| Prompt |
Lines below containing the word "Corio" should be copied out.

= = = = =

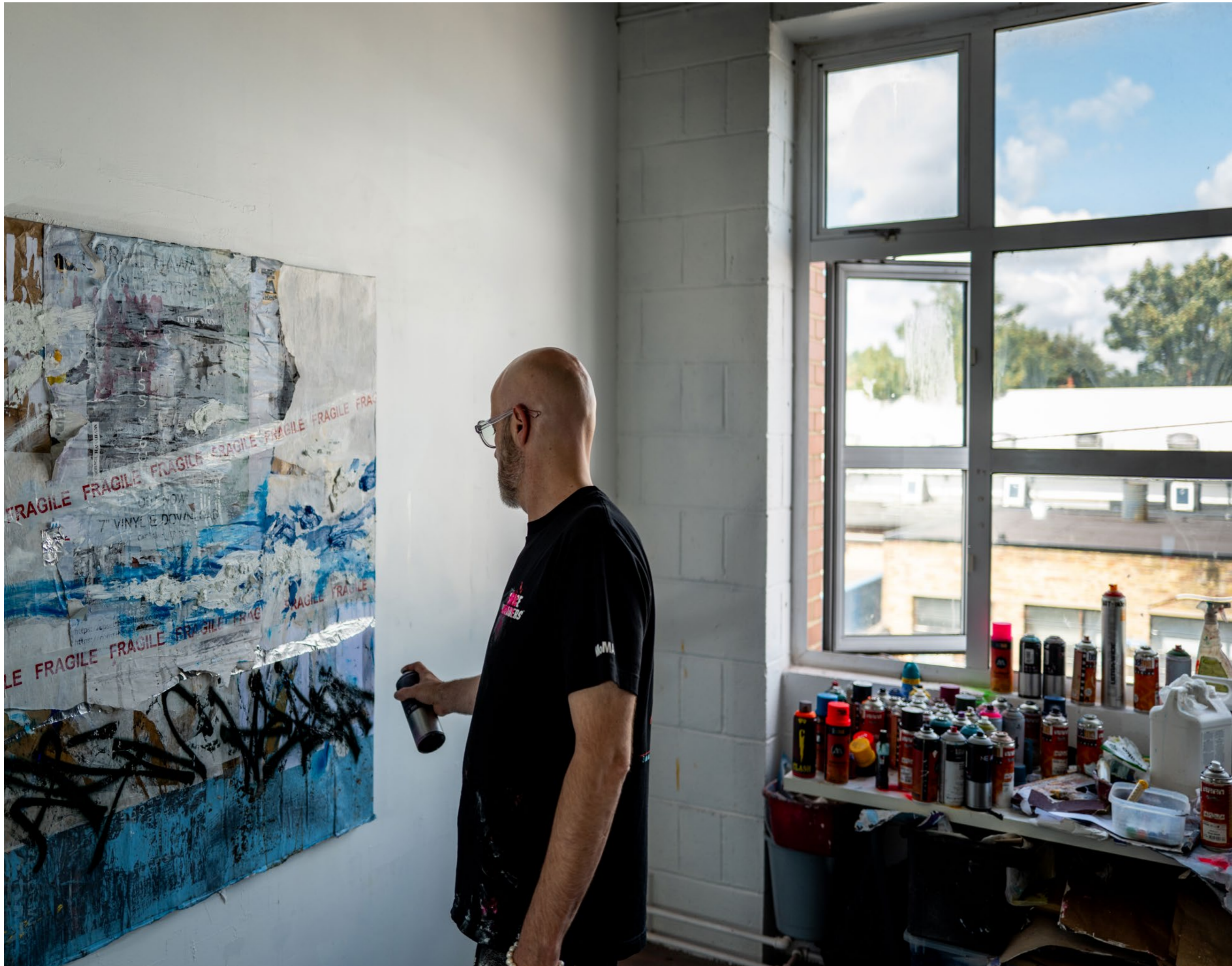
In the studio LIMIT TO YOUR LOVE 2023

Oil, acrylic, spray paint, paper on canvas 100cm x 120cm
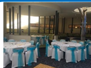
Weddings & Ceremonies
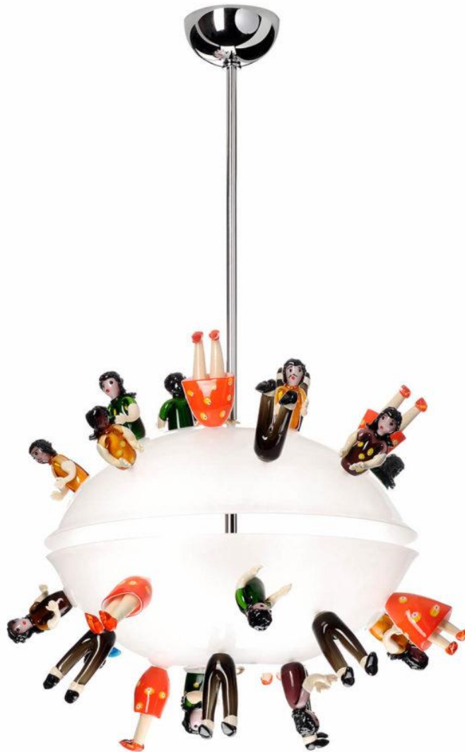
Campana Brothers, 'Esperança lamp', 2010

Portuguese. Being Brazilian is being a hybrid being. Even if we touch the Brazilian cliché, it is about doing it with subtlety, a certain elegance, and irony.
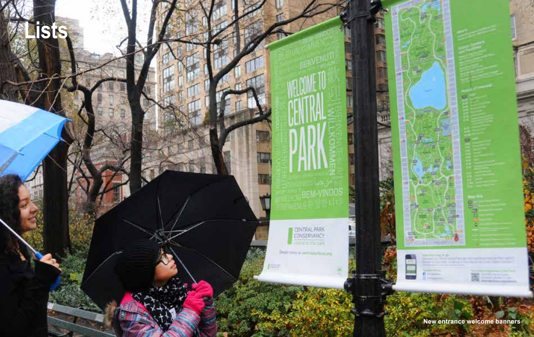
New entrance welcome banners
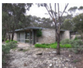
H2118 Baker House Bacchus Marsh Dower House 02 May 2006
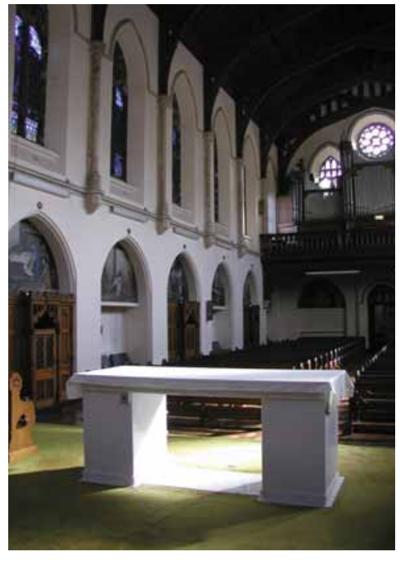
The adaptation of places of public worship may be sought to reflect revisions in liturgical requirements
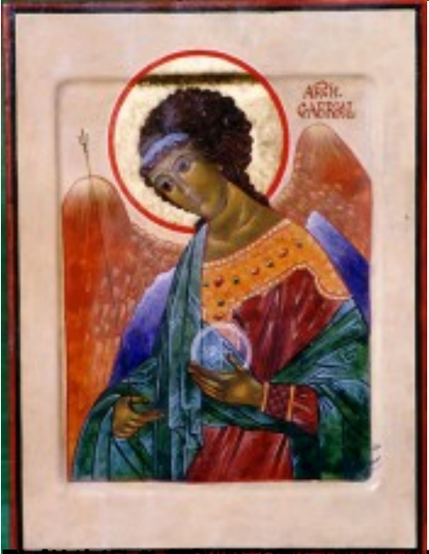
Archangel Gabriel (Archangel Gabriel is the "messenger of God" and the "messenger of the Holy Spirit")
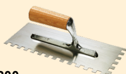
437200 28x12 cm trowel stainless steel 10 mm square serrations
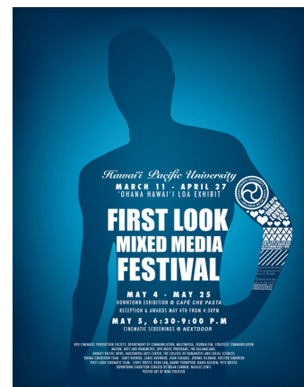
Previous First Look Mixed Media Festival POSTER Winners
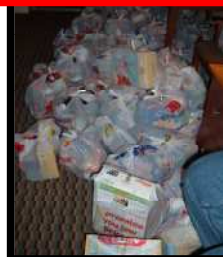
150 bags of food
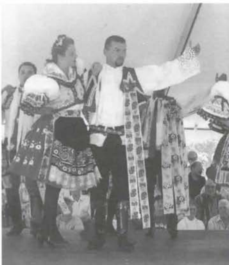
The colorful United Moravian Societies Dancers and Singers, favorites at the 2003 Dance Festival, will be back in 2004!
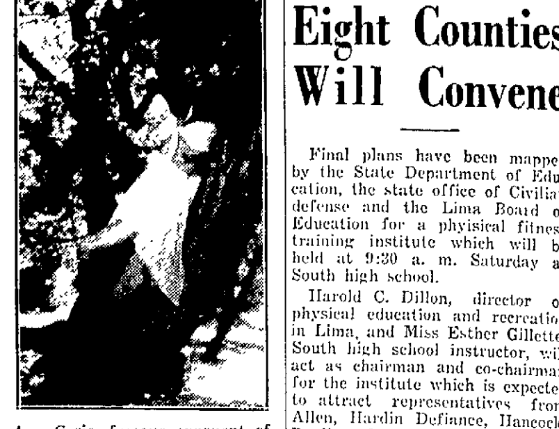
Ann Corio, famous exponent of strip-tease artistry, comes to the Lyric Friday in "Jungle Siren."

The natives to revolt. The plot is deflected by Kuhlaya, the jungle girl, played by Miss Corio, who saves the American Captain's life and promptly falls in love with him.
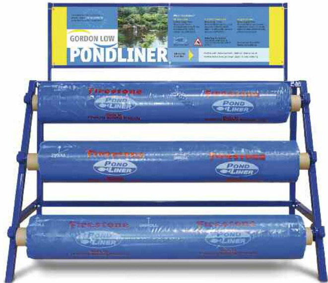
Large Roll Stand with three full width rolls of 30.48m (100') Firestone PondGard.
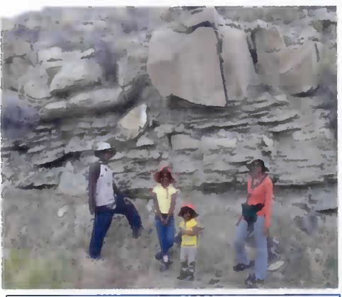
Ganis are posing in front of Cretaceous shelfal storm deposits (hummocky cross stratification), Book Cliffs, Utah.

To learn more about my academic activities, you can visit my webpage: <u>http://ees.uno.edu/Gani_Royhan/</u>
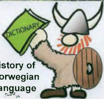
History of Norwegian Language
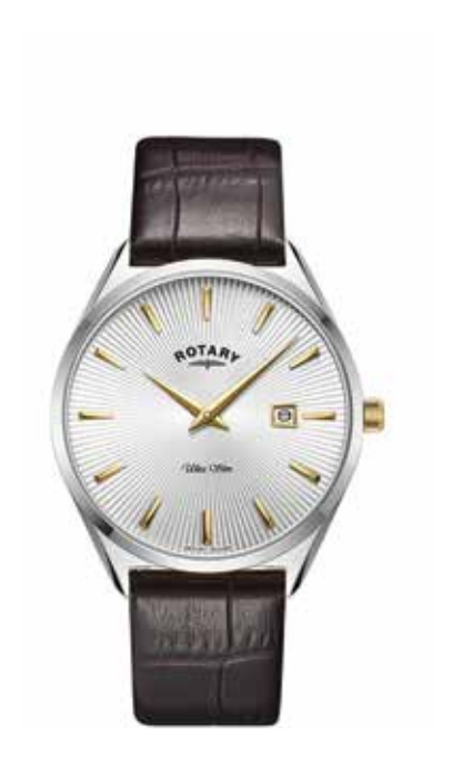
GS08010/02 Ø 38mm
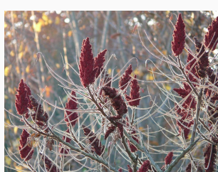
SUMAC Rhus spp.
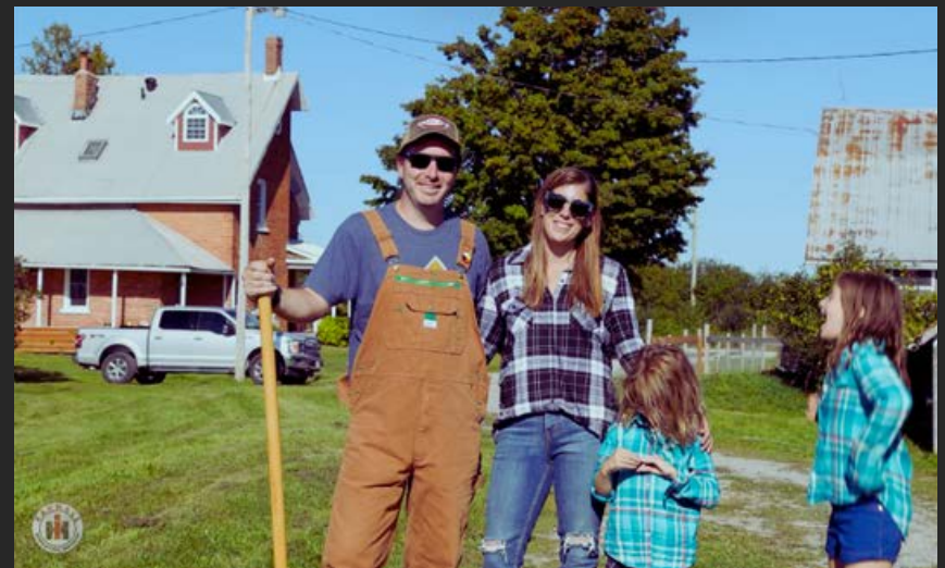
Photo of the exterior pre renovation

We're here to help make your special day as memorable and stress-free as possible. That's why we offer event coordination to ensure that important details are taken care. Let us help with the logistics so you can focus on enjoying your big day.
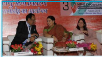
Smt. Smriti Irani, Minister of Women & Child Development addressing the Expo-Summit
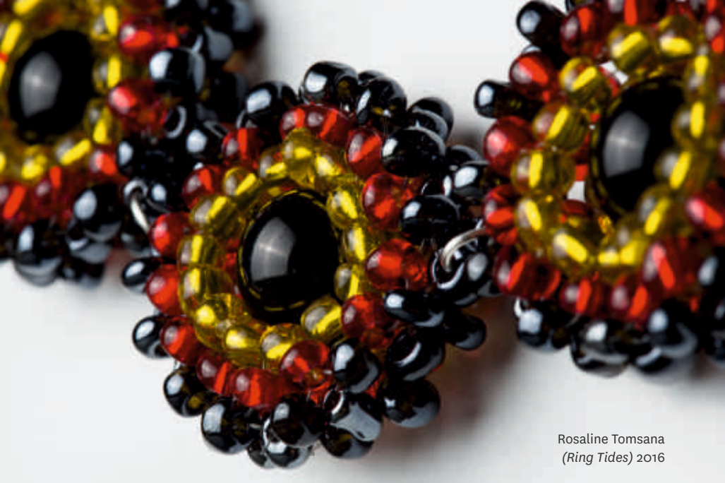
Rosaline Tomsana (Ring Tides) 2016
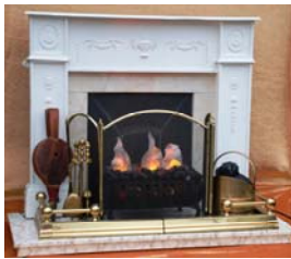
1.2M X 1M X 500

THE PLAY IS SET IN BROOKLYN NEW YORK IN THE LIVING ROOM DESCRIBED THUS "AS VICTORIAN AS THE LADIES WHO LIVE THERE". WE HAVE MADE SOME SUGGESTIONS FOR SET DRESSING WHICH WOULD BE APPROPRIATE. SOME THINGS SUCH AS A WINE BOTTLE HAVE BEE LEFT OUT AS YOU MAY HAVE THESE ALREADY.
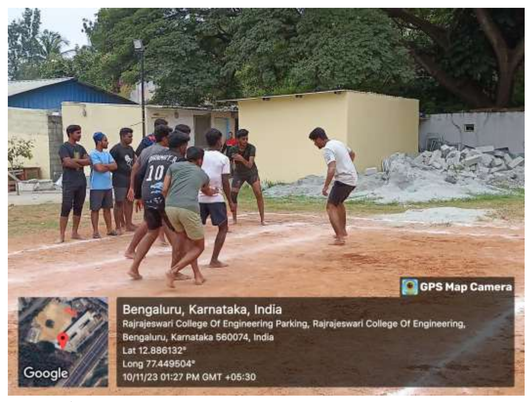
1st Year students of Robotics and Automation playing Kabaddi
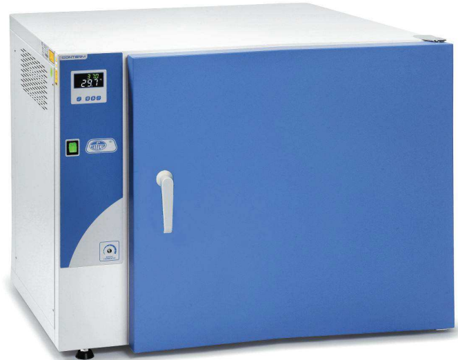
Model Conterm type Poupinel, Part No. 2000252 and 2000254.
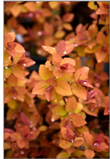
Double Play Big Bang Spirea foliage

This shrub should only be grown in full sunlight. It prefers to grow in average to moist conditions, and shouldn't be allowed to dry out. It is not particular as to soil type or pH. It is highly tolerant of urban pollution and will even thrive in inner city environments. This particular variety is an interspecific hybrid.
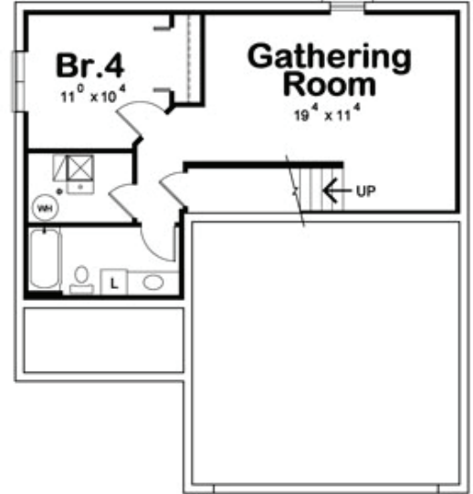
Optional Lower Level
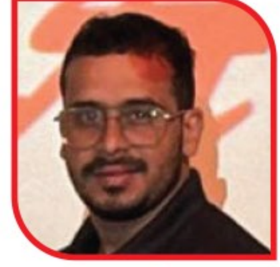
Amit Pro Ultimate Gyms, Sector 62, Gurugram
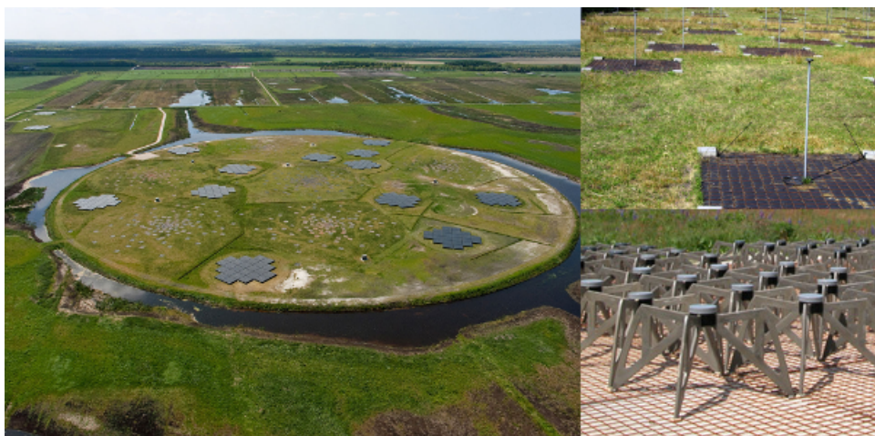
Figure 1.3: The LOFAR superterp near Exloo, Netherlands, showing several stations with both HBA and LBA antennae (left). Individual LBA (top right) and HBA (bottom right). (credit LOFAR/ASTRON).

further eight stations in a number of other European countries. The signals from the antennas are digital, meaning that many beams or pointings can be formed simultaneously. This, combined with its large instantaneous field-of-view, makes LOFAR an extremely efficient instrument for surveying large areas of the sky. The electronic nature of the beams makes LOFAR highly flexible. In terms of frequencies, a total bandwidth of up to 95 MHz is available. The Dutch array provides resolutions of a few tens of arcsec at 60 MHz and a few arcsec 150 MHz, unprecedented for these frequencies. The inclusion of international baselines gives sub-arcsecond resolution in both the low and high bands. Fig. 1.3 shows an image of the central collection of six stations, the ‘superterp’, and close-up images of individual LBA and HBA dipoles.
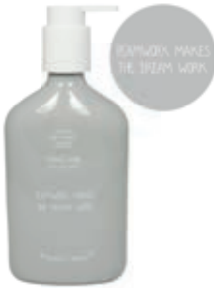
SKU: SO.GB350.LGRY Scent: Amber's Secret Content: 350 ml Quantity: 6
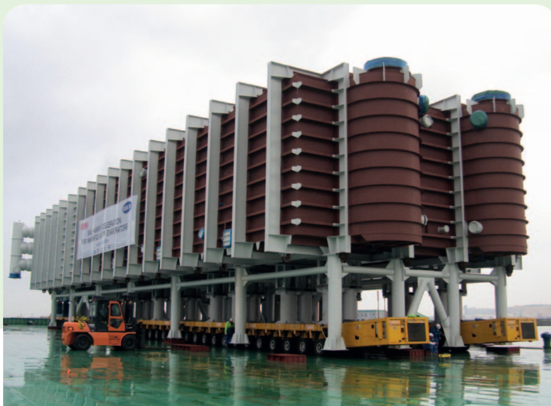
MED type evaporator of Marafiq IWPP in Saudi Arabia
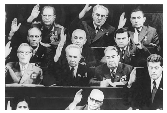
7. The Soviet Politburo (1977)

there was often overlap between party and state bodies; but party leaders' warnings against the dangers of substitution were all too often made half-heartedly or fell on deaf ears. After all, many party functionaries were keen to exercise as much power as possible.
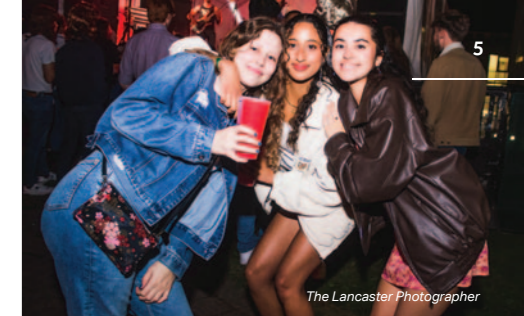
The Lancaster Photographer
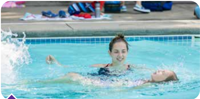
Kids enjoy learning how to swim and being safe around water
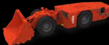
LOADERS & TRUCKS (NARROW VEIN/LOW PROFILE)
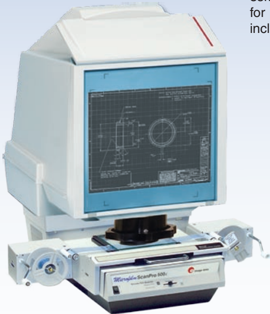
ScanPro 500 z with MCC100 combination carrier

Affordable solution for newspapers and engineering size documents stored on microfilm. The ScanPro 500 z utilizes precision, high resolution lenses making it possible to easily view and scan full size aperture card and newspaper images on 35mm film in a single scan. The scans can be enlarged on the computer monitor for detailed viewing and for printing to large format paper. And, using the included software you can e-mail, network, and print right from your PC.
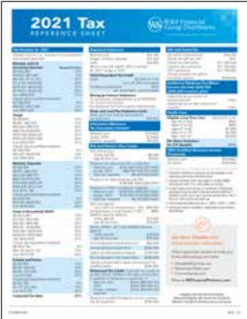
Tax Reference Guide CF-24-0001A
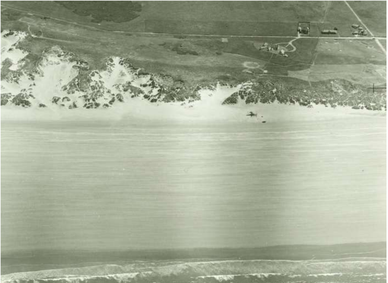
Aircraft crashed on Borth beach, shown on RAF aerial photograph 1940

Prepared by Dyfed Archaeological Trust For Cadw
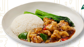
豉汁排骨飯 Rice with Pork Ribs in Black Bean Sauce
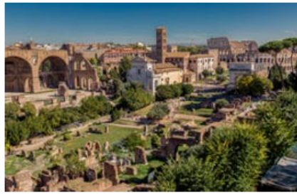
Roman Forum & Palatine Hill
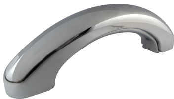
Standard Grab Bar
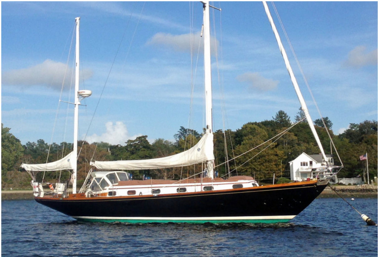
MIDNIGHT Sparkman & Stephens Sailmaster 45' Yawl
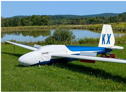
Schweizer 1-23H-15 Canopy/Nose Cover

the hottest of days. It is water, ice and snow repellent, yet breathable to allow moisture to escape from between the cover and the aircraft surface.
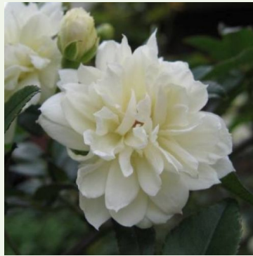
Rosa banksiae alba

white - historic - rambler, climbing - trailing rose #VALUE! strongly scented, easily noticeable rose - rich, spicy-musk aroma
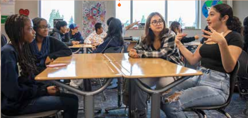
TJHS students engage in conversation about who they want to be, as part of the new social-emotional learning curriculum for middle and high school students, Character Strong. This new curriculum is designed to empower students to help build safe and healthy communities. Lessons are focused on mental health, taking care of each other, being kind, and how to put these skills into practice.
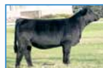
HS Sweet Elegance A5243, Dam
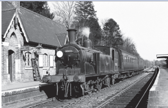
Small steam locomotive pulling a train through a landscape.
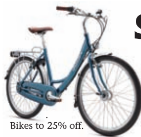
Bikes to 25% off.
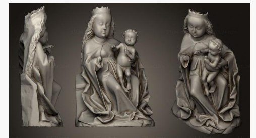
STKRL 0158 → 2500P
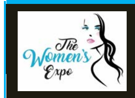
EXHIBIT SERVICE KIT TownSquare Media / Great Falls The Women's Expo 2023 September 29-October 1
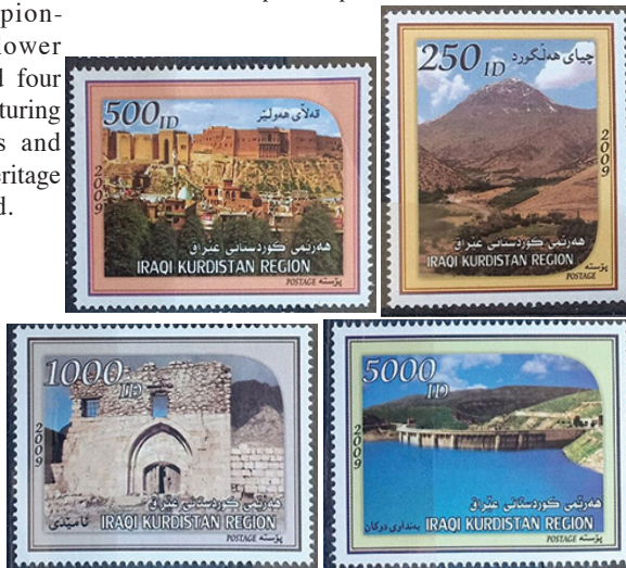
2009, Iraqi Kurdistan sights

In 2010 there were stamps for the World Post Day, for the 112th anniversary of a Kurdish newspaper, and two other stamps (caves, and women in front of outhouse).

= = = = =

| Exercise result |
Ann Corio, famous exponent of strip-tease artistry, comes to the Lyric Friday in "Jungle Siren."
The natives to revolt. The plot is deflected by Kuhlaya, the jungle girl, played by Miss Corio, who saves the American Captain's life and promptly falls in love with him.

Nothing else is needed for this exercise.